-- Opening Marker --

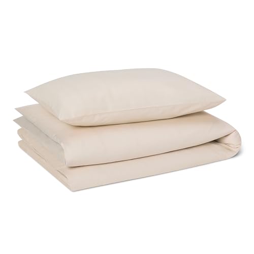 Amazon Basics Parure de Lit 1 Personne 2 Pièces en Microfibre Prélavée, Extra Douce avec Effet Froissé Naturel, sans Repassage, Housse de Couette 135 x 200 cm et 1 Taie d'oreiller 50 x 80 cm, Beige
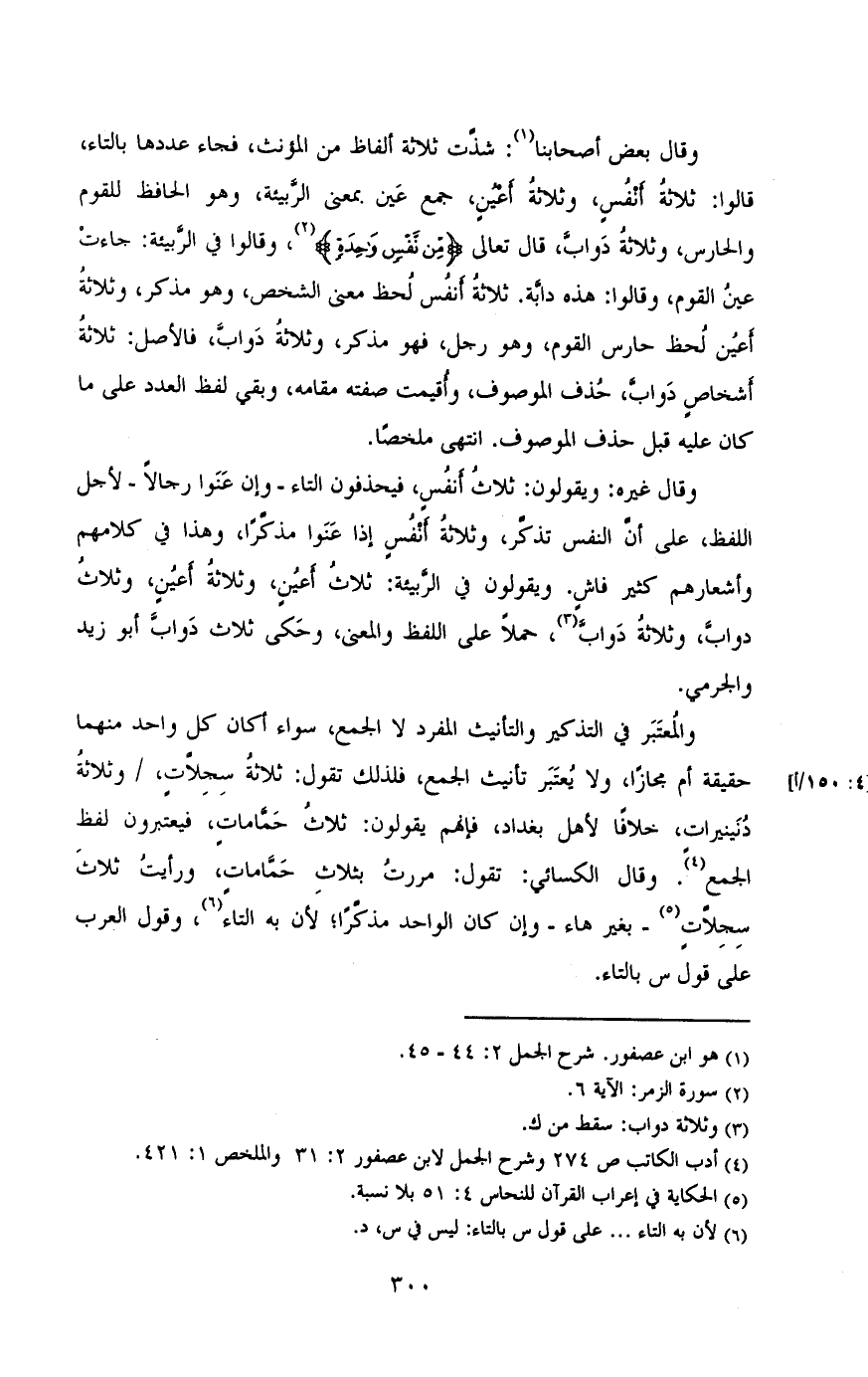 والمعتبر فى التذكير والتأنيث المفرد لا الجمع، سواء أكان كل واحد منهما حقيقة ام مجازا، ولا يعتبر تانيث الجمع، فلذلك تقول: ثلاثة سجلات، / وثلاثة دنينيرات، فخلافا لاهل بغداد، فانهم يقولون: ثلاث حمامات، فيعتبرون لفظ الجمع. وقال الكسائى: تقلو: مررت بثلاث حمامات، ورايت ثلاث سجلات ـ بغير هاء ـ وان كان الواحد مذكرا، لان به التاء، وقول العرب على قول س بالتاء.
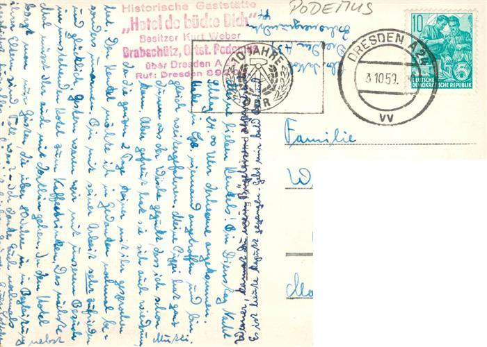 73887524 alte Postkarte Podemus Dresden Hotel de buecke Dich postalisch gelaufen Erhaltung siehe scans [FriedD77] KatCode: 11110014262000

-- Closing Marker --

- **Try it**
What is needed here is each line above set down word for word, minus the images.

- **Task response**
 Amazon Basics Parure de Lit 1 Personne 2 Pièces en Microfibre Prélavée, Extra Douce avec Effet Froissé Naturel, sans Repassage, Housse de Couette 135 x 200 cm et 1 Taie d'oreiller 50 x 80 cm, Beige
 والمعتبر فى التذكير والتأنيث المفرد لا الجمع، سواء أكان كل واحد منهما حقيقة ام مجازا، ولا يعتبر تانيث الجمع، فلذلك تقول: ثلاثة سجلات، / وثلاثة دنينيرات، فخلافا لاهل بغداد، فانهم يقولون: ثلاث حمامات، فيعتبرون لفظ الجمع. وقال الكسائى: تقلو: مررت بثلاث حمامات، ورايت ثلاث سجلات ـ بغير هاء ـ وان كان الواحد مذكرا، لان به التاء، وقول العرب على قول س بالتاء.
 73887524 alte Postkarte Podemus Dresden Hotel de buecke Dich postalisch gelaufen Erhaltung siehe scans [FriedD77] KatCode: 11110014262000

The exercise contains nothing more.